WHAT YOU NEED TO DO
Each line from the top of the listing through the one holding "Παγκόσμια οργή προκάλεσε" should be restated word for word, with nothing added and no pictures.

SOURCE DATA

^^^^^^^^

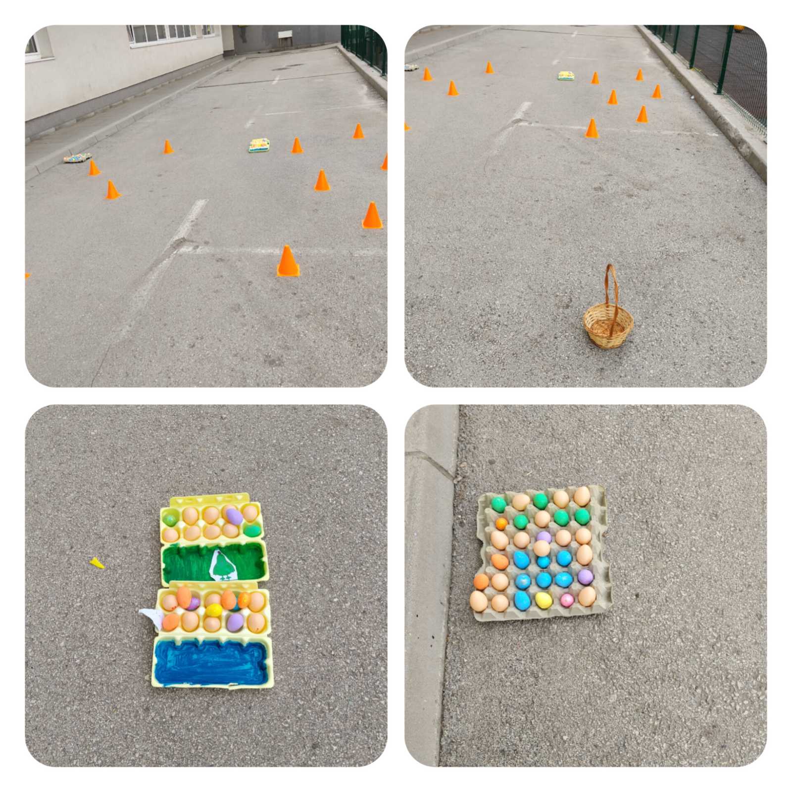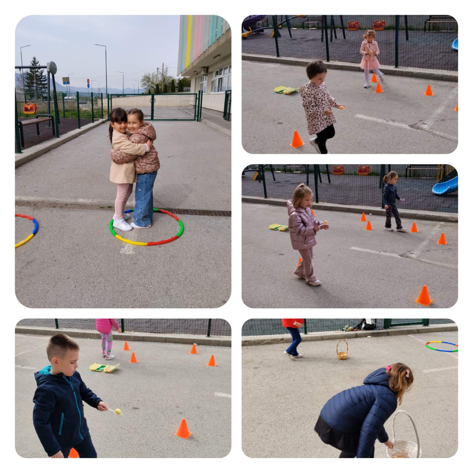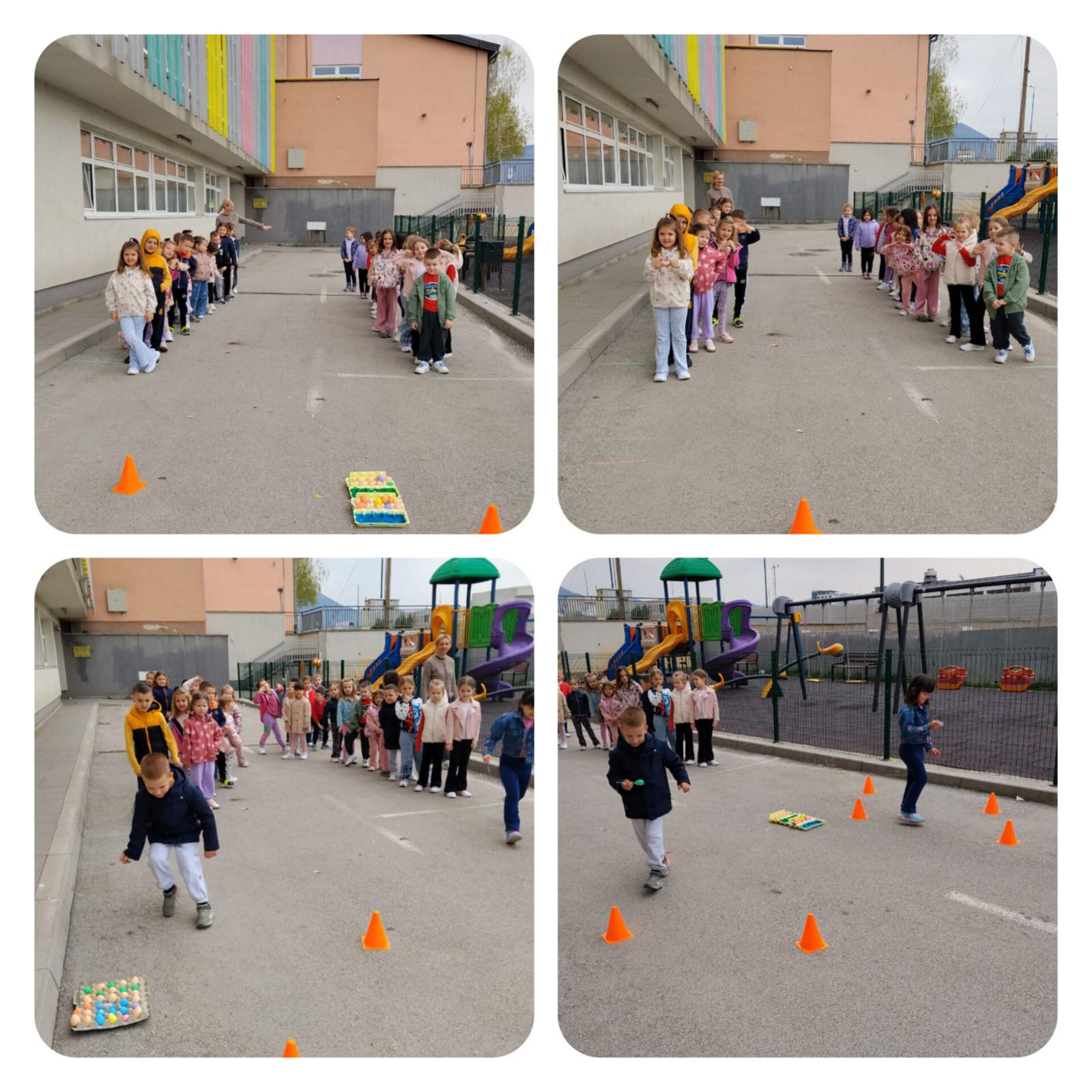 🐣 Kroz poligon prepreka djeca su razvijala koordinaciju i ravnotežu, a posebno su uživala u zadatku nošenja šarenih jaja u kašici, čime su dodatno vježbala koordinaciju oko–ruka. Jaja su pažljivo prenosila i odlagala u košarice, a aktivnost su završila najljepšim poklonom – zagrljajem drugarstva.
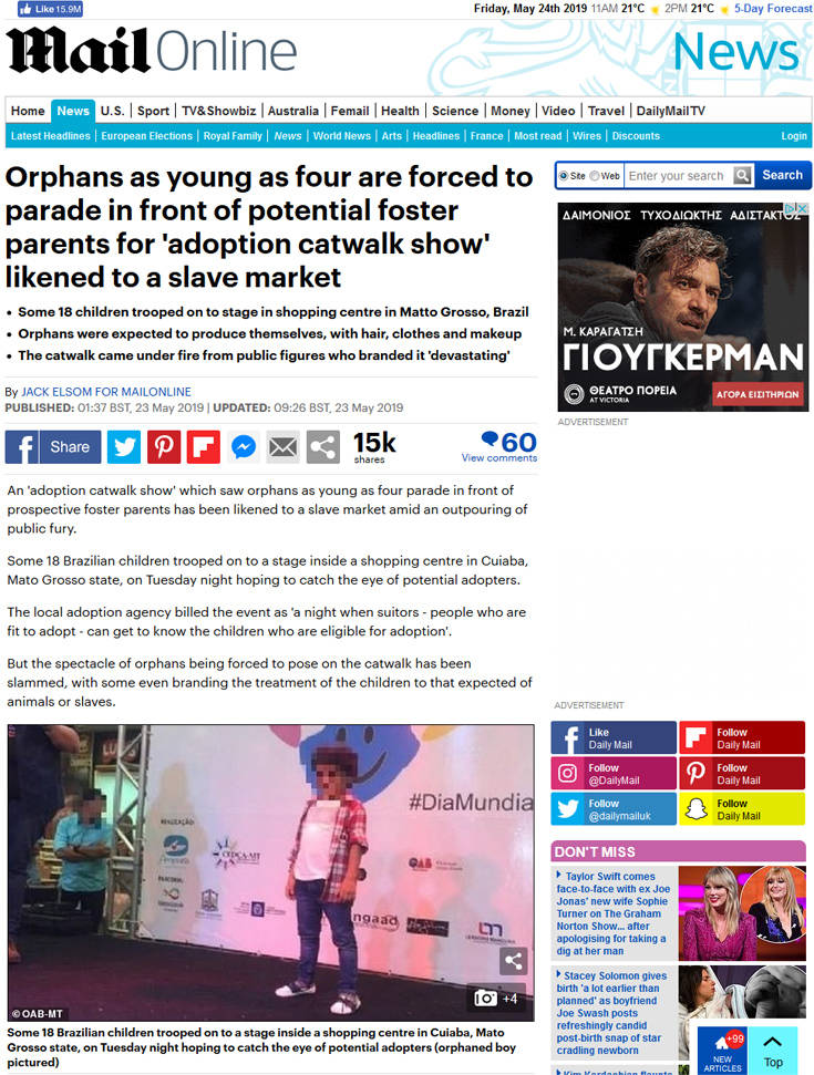 Παγκόσμια οργή προκάλεσε μια πασαρέλα με τετράχρονα ορφανά παιδιά, που διοργανώθηκε στη Βραζιλία, με στόχο να τα δουν οι υποψήφιοι ανάδοχοι και να διαλέξουν ποιο θέλουν.
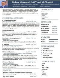 حاصل على درجة البكالوريوس في هندسة شبكات الحاسوب، أخصائي دعم فني لتقنية المعلومات والشبكات خبرة تزيد عن ثلاث سنوات، خبرة عملية في استكشاف الأخطاء وأصالحها خبرة عملية في خدمة العملاء والدعم الفني، وتركيب كاميرات المراقبة أحب عملي، وأعرف أهدافي جيدا، لدي المهارات الكافية لأحداث فرق في مكان عملي
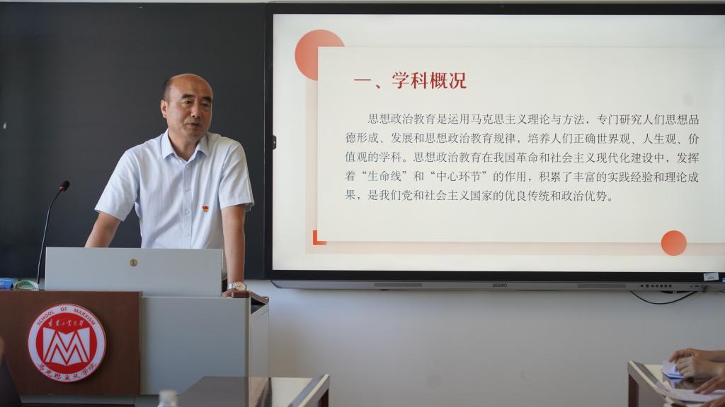 马克思主义基本原理、马克思主义中国化研究、思想政治教育三个研究方向的6名导师对全体研究生依次进行专业教育。镡鹤婧老师简要介绍了马克思主义基本原理这一研究方向主要包括“马克思主义基础理论研究”“马克思主义经典著作研究”“马克思主义基本原理与当代社会发展研究”三个子方向及其主要研究内容。张龙博士则从经典著作研究、基本原理研究、现实问题研究三个维度阐述了马克思主义基本原理这一研究方向的主要研究内容。薄海老师介绍了马克思主义中国化研究这一研究方向的核心内涵与学习路径,并从该方向聚焦的马克思主义基本原理与中国具体实际相结合的历史逻辑、理论逻辑和实践逻辑,具体阐述了这一研究方向的三个研究维度和三门核心课程,指明了学习该方向的意义与价值,并为新生提供了针对性学习建议。高立伟博士从中国国情、马克思主义基本理论、中国共产党历史、近现代世界史等几个方面介绍了马克思主义中国化研究这一研究方向的知识体系。王力尘教授从学科简介、培养目标、业务范围(包括研究范围和课程设置)、相关学科、研究内容等方面介绍了思想政治教育这一研究方向的具体内容和相关要求。佟玲博士则从思想政治教育的由来和发展历程、学科发展现状、相关政策和启示等方面,分享了自己对思想政治教育这一研究方向的见解,并给出推荐书目。

^^^^^^^^

SOLVED PROBLEM
 🐣 Kroz poligon prepreka djeca su razvijala koordinaciju i ravnotežu, a posebno su uživala u zadatku nošenja šarenih jaja u kašici, čime su dodatno vježbala koordinaciju oko–ruka. Jaja su pažljivo prenosila i odlagala u košarice, a aktivnost su završila najljepšim poklonom – zagrljajem drugarstva.
 Παγκόσμια οργή προκάλεσε μια πασαρέλα με τετράχρονα ορφανά παιδιά, που διοργανώθηκε στη Βραζιλία, με στόχο να τα δουν οι υποψήφιοι ανάδοχοι και να διαλέξουν ποιο θέλουν.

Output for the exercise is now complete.